The first Women’s March of the Biden administration headed straight for the steps of the Supreme Court on Saturday, part of nationwide protests that drew thousands to Washington and other cities to demand continued access to abortion in a year when conservative lawmakers and judges have put it in jeopardy.
Many thousands of demonstrators filled the streets surrounding the court, shouting “My body, my choice” and cheering loudly to the beat of drums.
Before heading out on the march, they rallied in a square near the White House. Many waved signs that said “Mind your own uterus,” “I love someone who had an abortion” and “Abortion is a personal choice, not a legal debate,” among other messages. Some wore T-shirts reading simply “1973,” a reference to the landmark Roe v. Wade decision, which made abortion legal for generations of American women.
Elaine Baijal, a 19-year-old student at American University, took cellphone photos with her friends and their signs as the event started. She said her mother told her of coming to a march for legal abortion with her own mother in the 1970s.
“It’s sad that we still have to fight for our right 40 years later. But it’s a tradition I want to continue,” Baijal said of the march.
Organizers say the Washington march will be among hundreds of abortion-themed protests around the country Saturday. The demonstrations took place just before the start of a new term for the Supreme Court on Monday that will decide the future of abortion rights in the United States, after appointments of justices by President Donald Trump strengthened conservative control of the high court.
“Shame, shame, shame!” marchers chanted while walking past the Trump International Hotel on their way to the Supreme Court. Some booed and waived their fists at the Trump landmark.
The day before the march, the Biden administration urged a federal judge to block the nation’s most restrictive abortion law, which has banned most abortions in Texas since early September. It’s one of a series of cases that will give the nation’s divided high court occasion to uphold or overrule Roe v. Wade.
The Texas law motivated many of the demonstrators and speakers.
“We’re going to keep giving it to Texas,” Marsha Jones of the Afiya Center for Black women’s health care in Dallas, pledged to the Washington crowd. “You can no longer tell us what to do with our bodies!”
Alexis McGill Johnson, the president of Planned Parenthood nationally, told of women forced to drive many hours across state lines — sometimes multiple state lines — to end pregnancies in the weeks since the Texas law went into effect.
“The moment is dark … but that is why we are here,” Johnson told the crowd packed into Freedom Square and surrounding streets. With the upcoming Supreme Court term, “No matter where you are, this fight is at your doorstep right now.”
In New York, Gov. Kathy Hochul spoke at rallies in Seneca Falls and then Albany. “I’m sick and tired of having to fight over abortion rights,” she said. “It’s settled law in the nation and you are not taking that right away from us, not now not ever.”
At an unrelated event in Maine, Republican Sen. Susan Collins called the Texas law “extreme, inhumane and unconstitutional” and said she’s working to make Roe v. Wade the “law of the land.”
She said she’s working with two Democrats and another Republican, and they’re “vetting” the language of their bill. Collins declined to identify her colleagues, but said the legislation will be introduced soon.
An opponent of women’s access to abortion called this year’s march theme “macabre.”
“What about equal rights for unborn women?” tweeted Jeanne Mancini, president of an anti-abortion group called March for Life.
The Women’s March has become a regular event — although interrupted by the coronavirus pandemic — since millions of women turned out in the United States and around the world the day after the January 2017 inauguration of Trump.

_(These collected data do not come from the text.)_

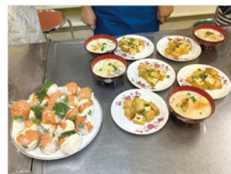
出来上がった料理
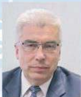
Декан лечебного факультета, кандидат медицинских наук, доцент
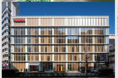
タキゲン製造本社ビル
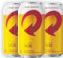
Cerveja Skol Lata, 350ml
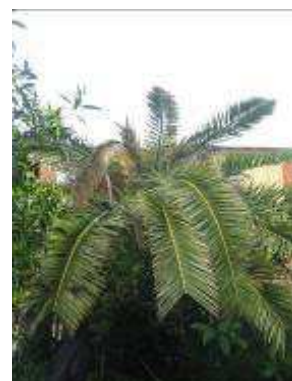
Fig. 4 Asimmetria della chioma e appiattimento
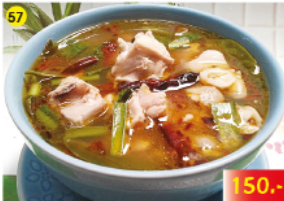
57 ต้มยำไก่ / ซิวฟู้ด Tom Yum Soup, Chicken or Seafood "Tom Yum" Suppe mit Huhn oder Meeresfrüchten

Trump endorsed punishing women for getting abortions and made appointment of conservative judges a mission of his presidency.
With the sun beating down Saturday, Ramsay Teviotdale of Arlington, Virginia — who when asked her age said she was “old enough to remember when abortion wasn’t legal” — was one of the few wearing the hand-knitted pink wool caps that distinguished the 2017 Women’s March.

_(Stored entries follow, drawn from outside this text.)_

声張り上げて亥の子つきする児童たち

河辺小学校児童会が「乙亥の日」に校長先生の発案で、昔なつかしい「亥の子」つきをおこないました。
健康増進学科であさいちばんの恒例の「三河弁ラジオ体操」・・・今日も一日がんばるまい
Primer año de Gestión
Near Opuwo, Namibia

Without Trump as a central figure for women of varied political beliefs to rally against, and with the pandemic still going strong, organizers talk of hundreds of thousands of participants nationally Saturday, not the millions of 2017.

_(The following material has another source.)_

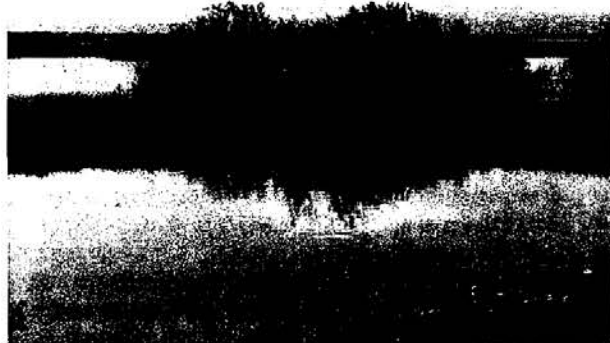
Ο ποταμός Έβρος.

..... το ‘ριξα στο ποτάμι μαζί με τους βατράχους τότε είναι που χάλασε τον κόσμο άρχισε κάτι παράξενα τραγούδια να τσιτζί φοβερά και να ουρλιάζει

Teviotdale said this does not lessen the urgency of the moment. “This Texas thing — no way can it stand. It’s the thin edge of the wedge,” she said.
The march is part of “a fight to secure, safeguard, and strengthen our constitutional right to an abortion,” Rachel O’Leary Carmona, executive director of the Women’s March, said in a statement. “And it’s a fight against the Supreme Court justices, state lawmakers, and senators who aren’t on our side — or aren’t acting with the urgency this moment demands.”
Latina comedian and activist Cristela Alonzo hosted Saturday’s rally in Washington, which featured speeches from many advocates and providers of abortion. Actress Busy Philipps and swimmer Schuyler Bailar were to take part.
Security in the capital was much lighter than for a political rally a few weeks ago in support of Trump supporters jailed in the Jan. 6 insurrection. No fence was placed around the U.S. Capitol, with the Capitol Police chief saying there was nothing to suggest Saturday’s rally would be violent.